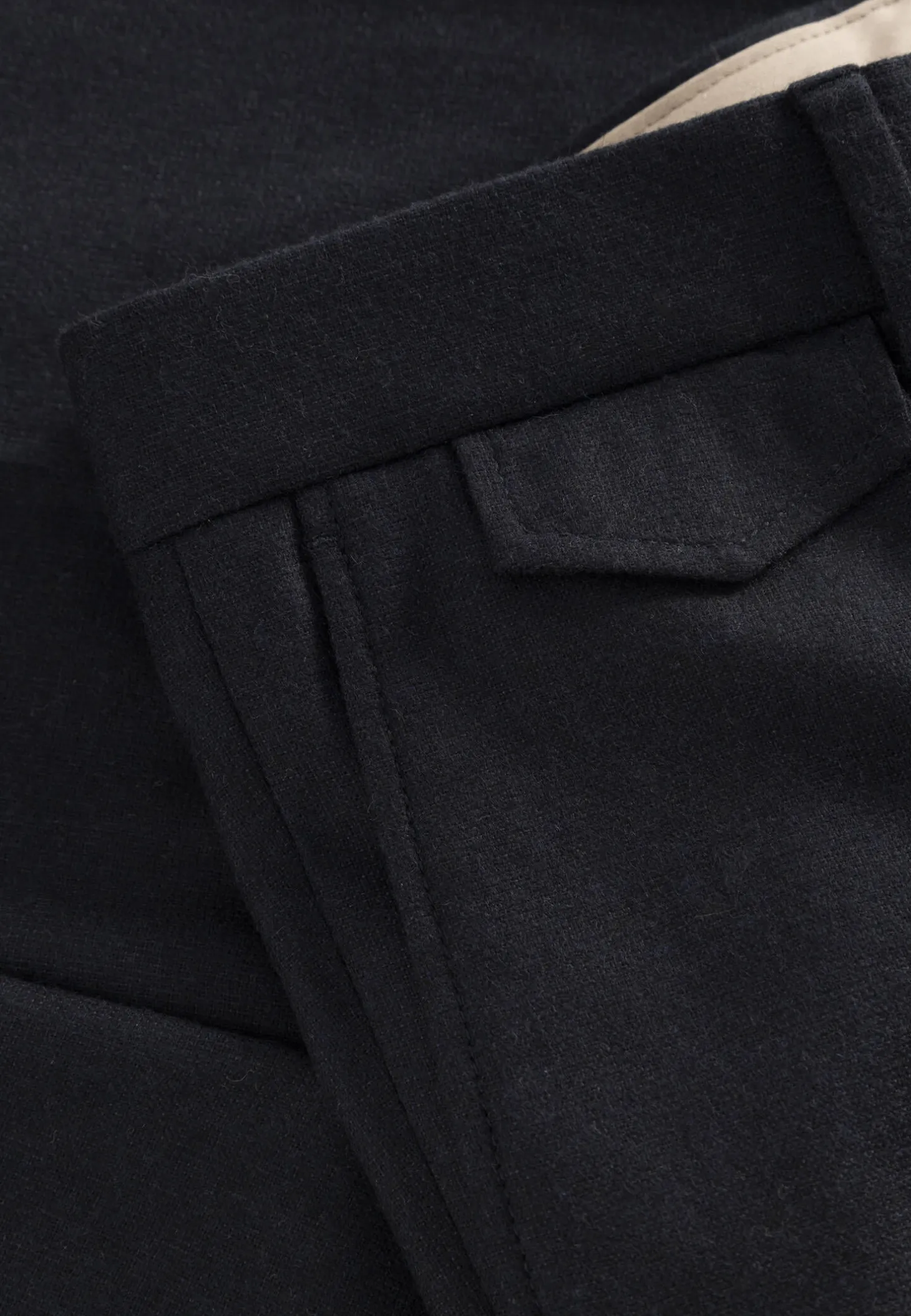- Bund mit Gürtelschlaufen und kleinem Schlitz an der Rückseite
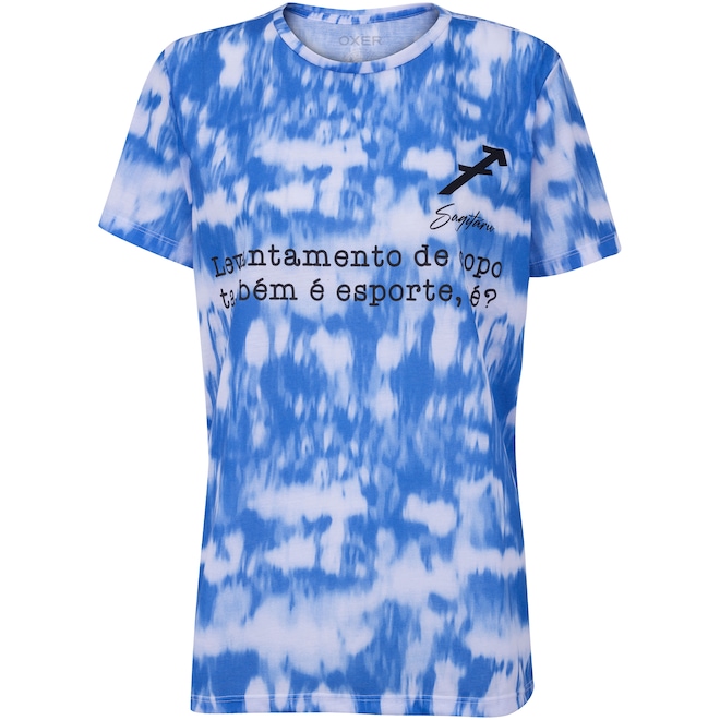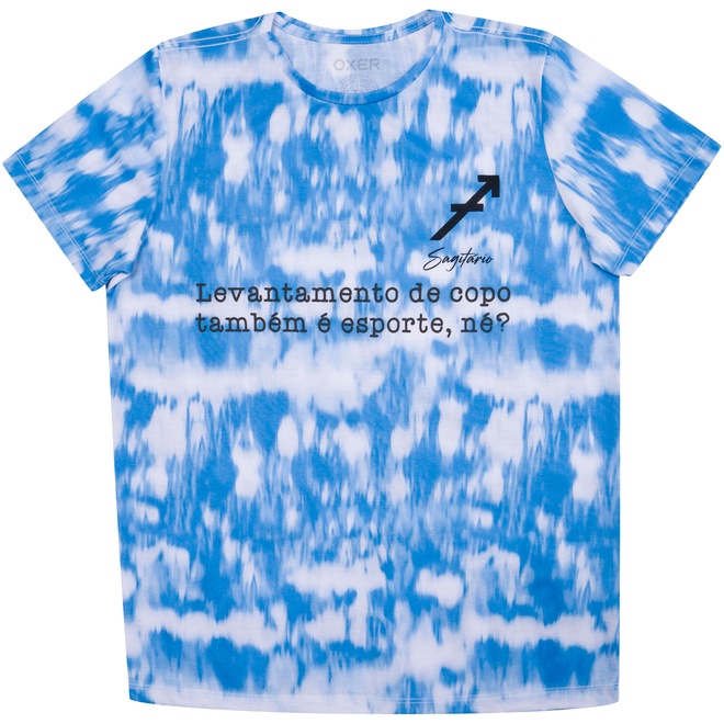 Multiuso, a Camiseta Oxer Tie Dye Sagitário oferece um look versátil, moderno para qualquer ocasião casual e uma frase motivacional do seu signo.
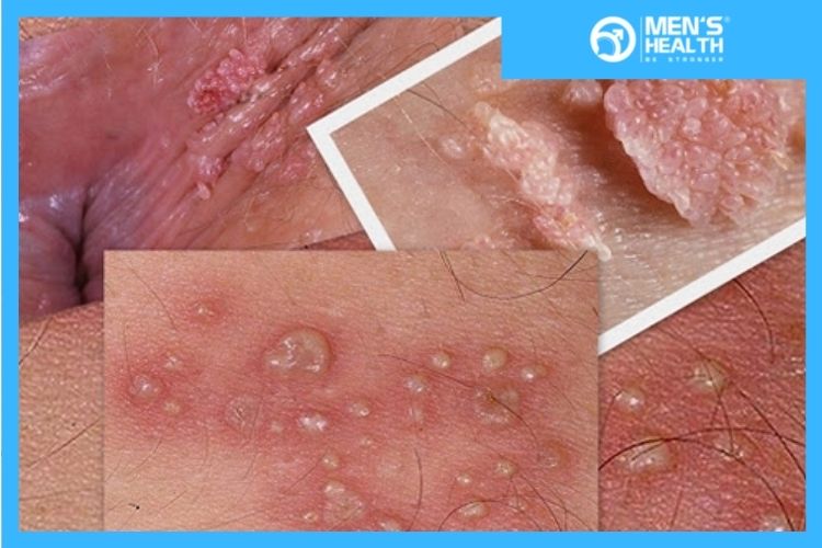 Đối với nam giới: Chủ yếu là các sang thương nổi trên bề mặt ở thân dương vật, lỗ sáo và có thể lan ra vùng mu, bìu, lỗ hậu môn hay các vùng lân cận khác. Ban đầu chỉ là sang thương kích thước vài mi-li-mét nổi gồ trên bề mặt da, sần sùi màu hồng nhạt, không đau không ngứa. Sau đó, các nốt sùi lan sang vùng lân cận và phát triển to lên nhìn giống như mào con gà hoặc súp lơ. Có những trường hợp sùi mào gà phát triển to đến hàng chục xen-ti-mét, tiết dịch mủ, máu và đau do bội nhiễm.
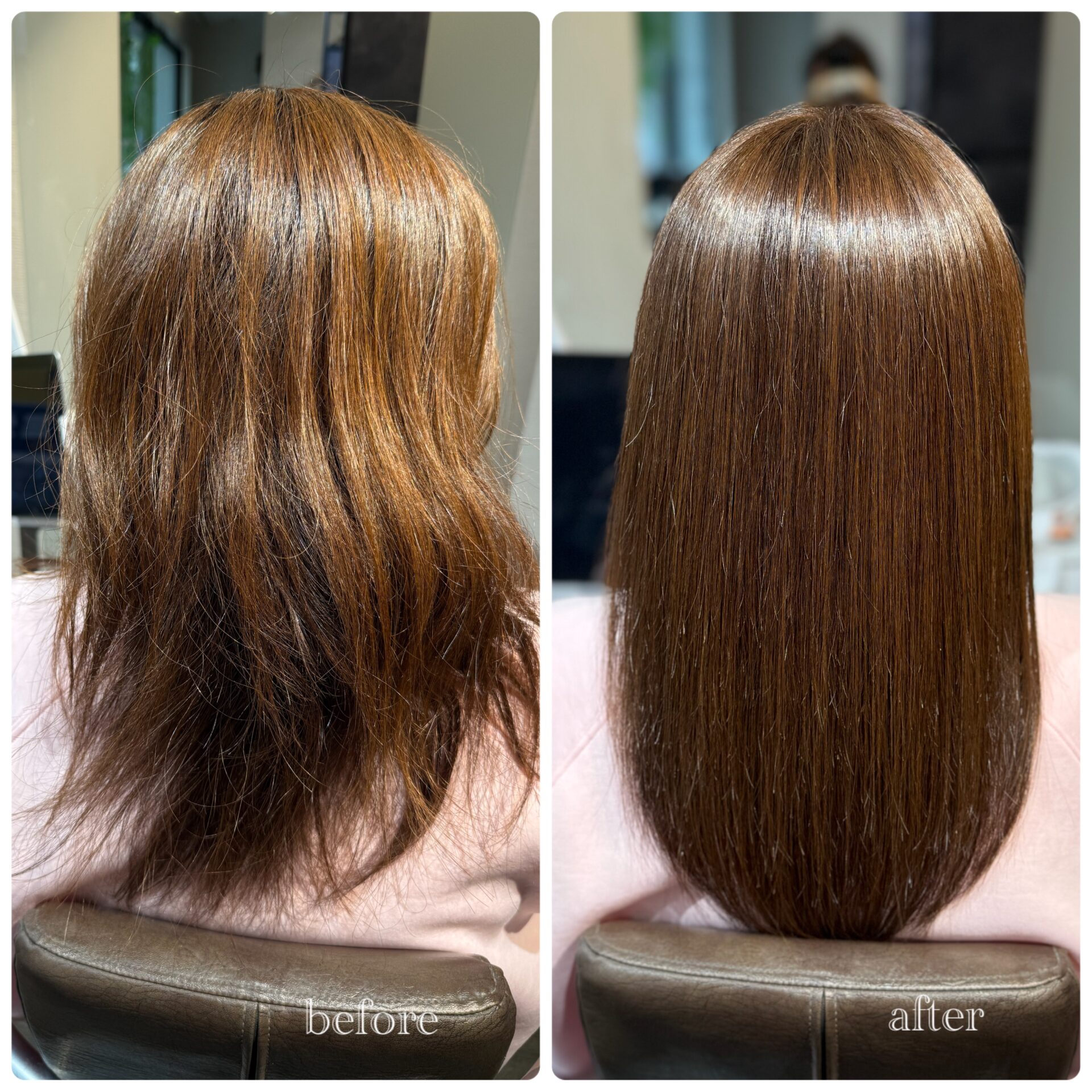 シルクトリートメントでは水分、油分、タンパク質をしっかりと補い、美しいまとまりのある絹髪にさせていただきました!
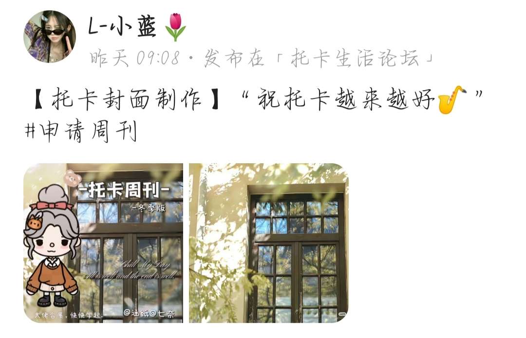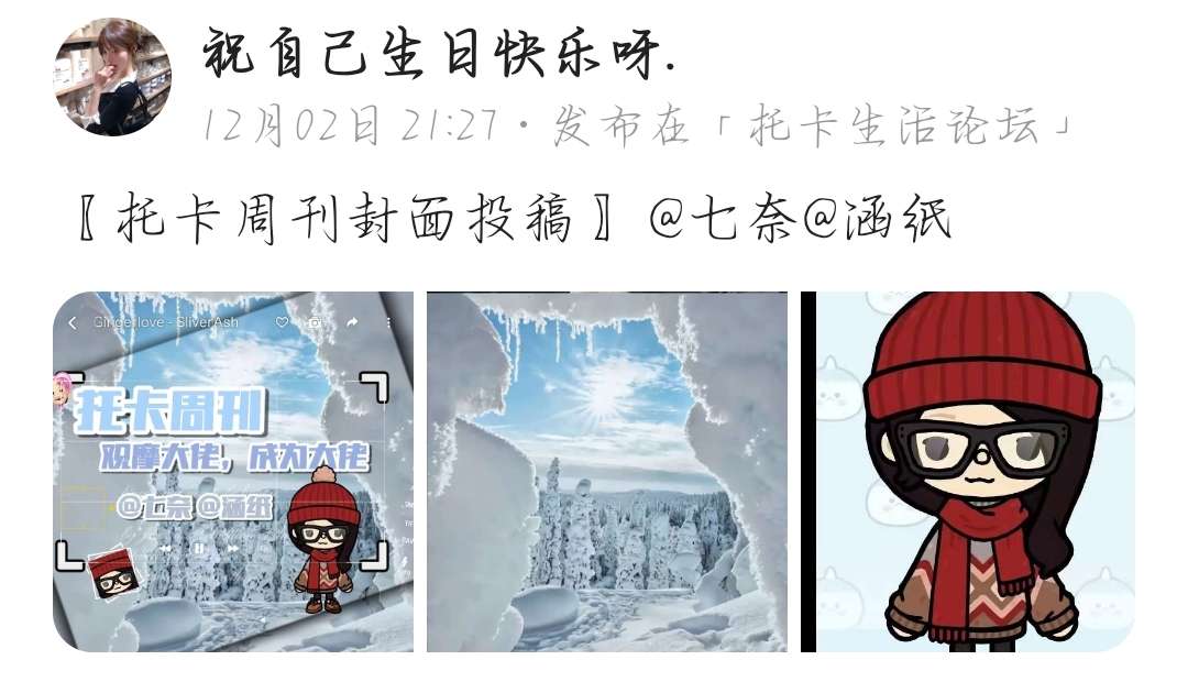 哈喽哈喽~托卡生活的玩家们❤️我是七奈,时隔一周,周刊又来更新啦‼️邀请你观看本期周刊and创作高质性作品,最后期待大家下次的参与哦。
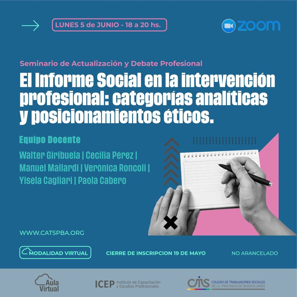 Partiendo de entender al Informe Social como género discursivo y como intervención propiamente dicha en Trabajo Social, el presente seminario de actualización y debate profesional tiene como objetivo generar espacios de problematización de las configuraciones subyacentes en torno a la elaboración de Informes Sociales, siendo la población destinataria les matriculades del CATSPBA. En este sentido, comprender que las narrativas de la intervención profesional se encuentran atravesadas por determinaciones propias del posicionamiento ético-político de cada profesional, así como también a los propios condicionamientos de cada espacio socio-ocupacional en el que dichas prácticas se enmarcan.
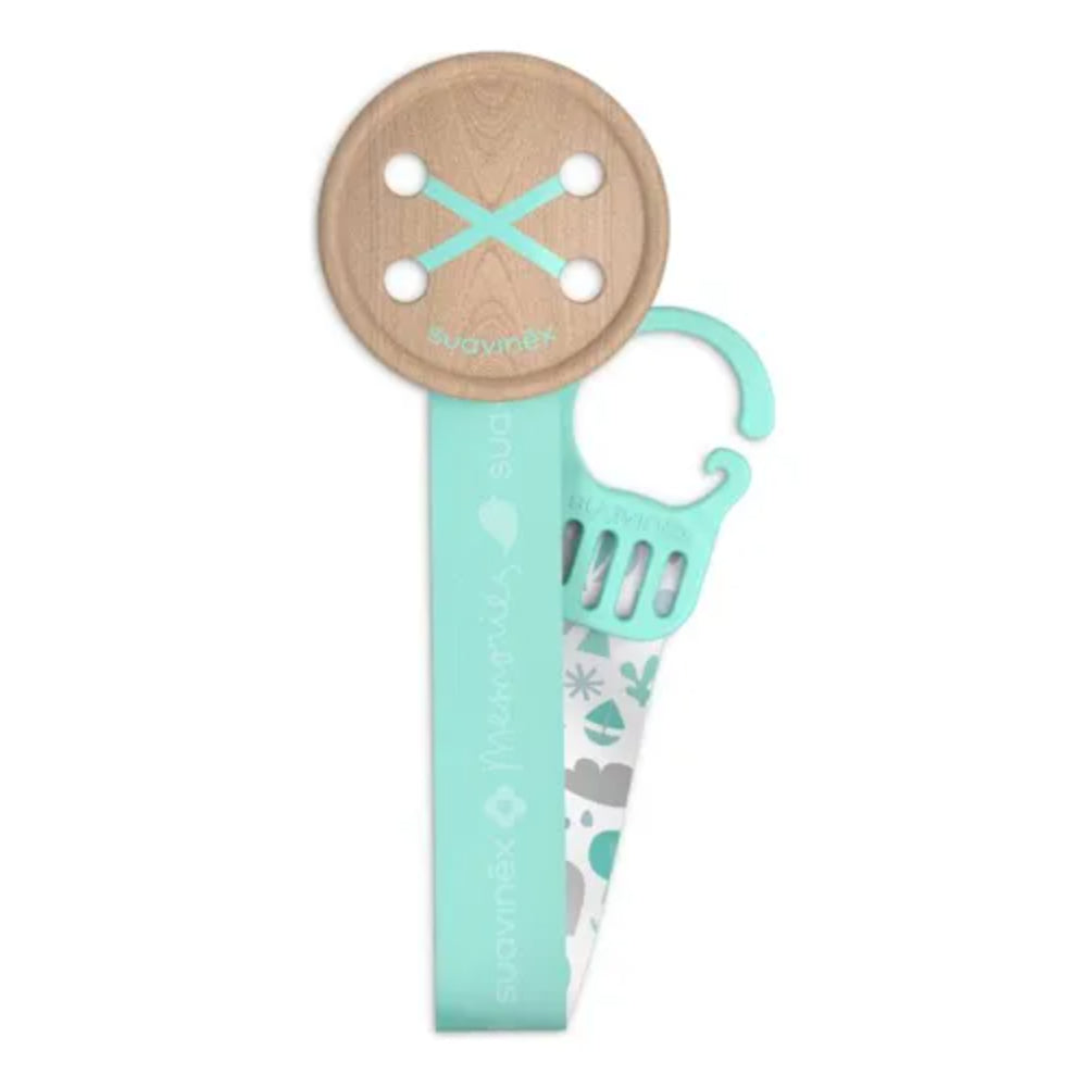El broche pinza con cinta, textil con diseño a doble cara, sujeta el chupete a la ropita evitando que caiga al suelo y se ensucie o pierda.
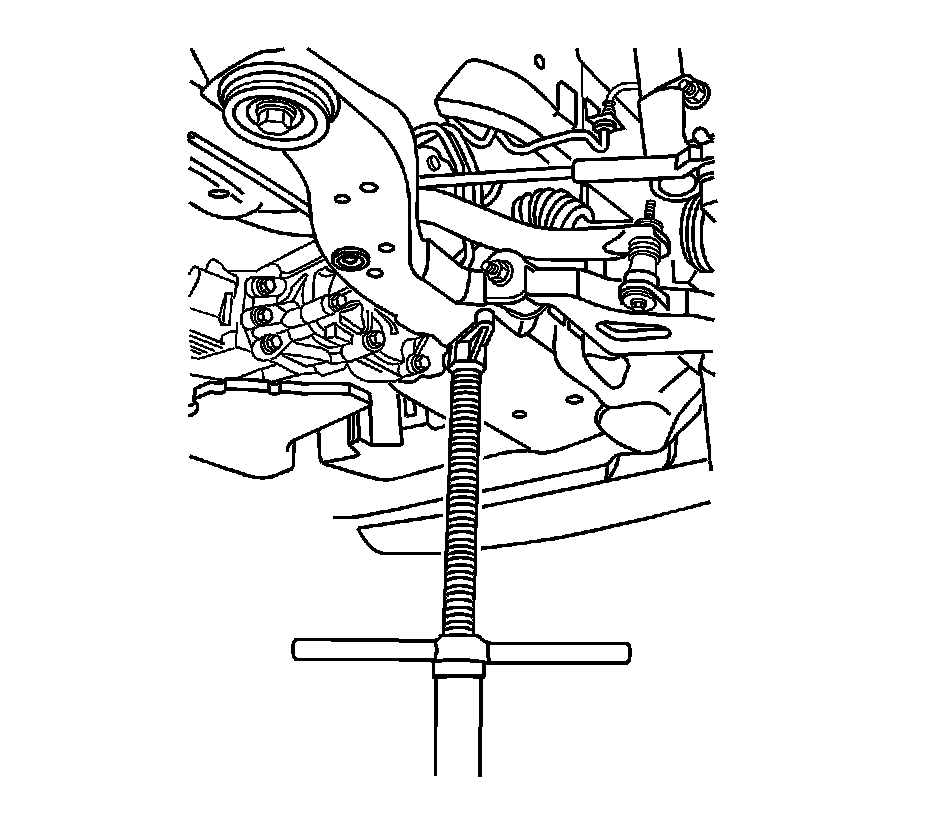 16. Use the floor jack to lower the right side of the frame and powertrain to provide clearance to the reservoir.
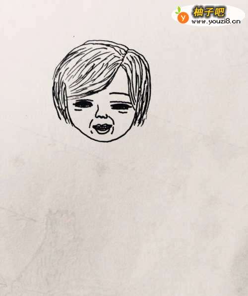 第一步在白纸上,用笔画出人物胆屈头部。用笔画出老奶奶泉侨侨的发型和五官。老奶奶脖颈线条下沿画出高领衫。
+ + +
Task goal: Leave out the pictures, and extract exactly the lines from the one with "El broche pinza" through the end of the records, both ends included.

Written answer:
El broche pinza con cinta, textil con diseño a doble cara, sujeta el chupete a la ropita evitando que caiga al suelo y se ensucie o pierda.
 16. Use the floor jack to lower the right side of the frame and powertrain to provide clearance to the reservoir.
 第一步在白纸上,用笔画出人物胆屈头部。用笔画出老奶奶泉侨侨的发型和五官。老奶奶脖颈线条下沿画出高领衫。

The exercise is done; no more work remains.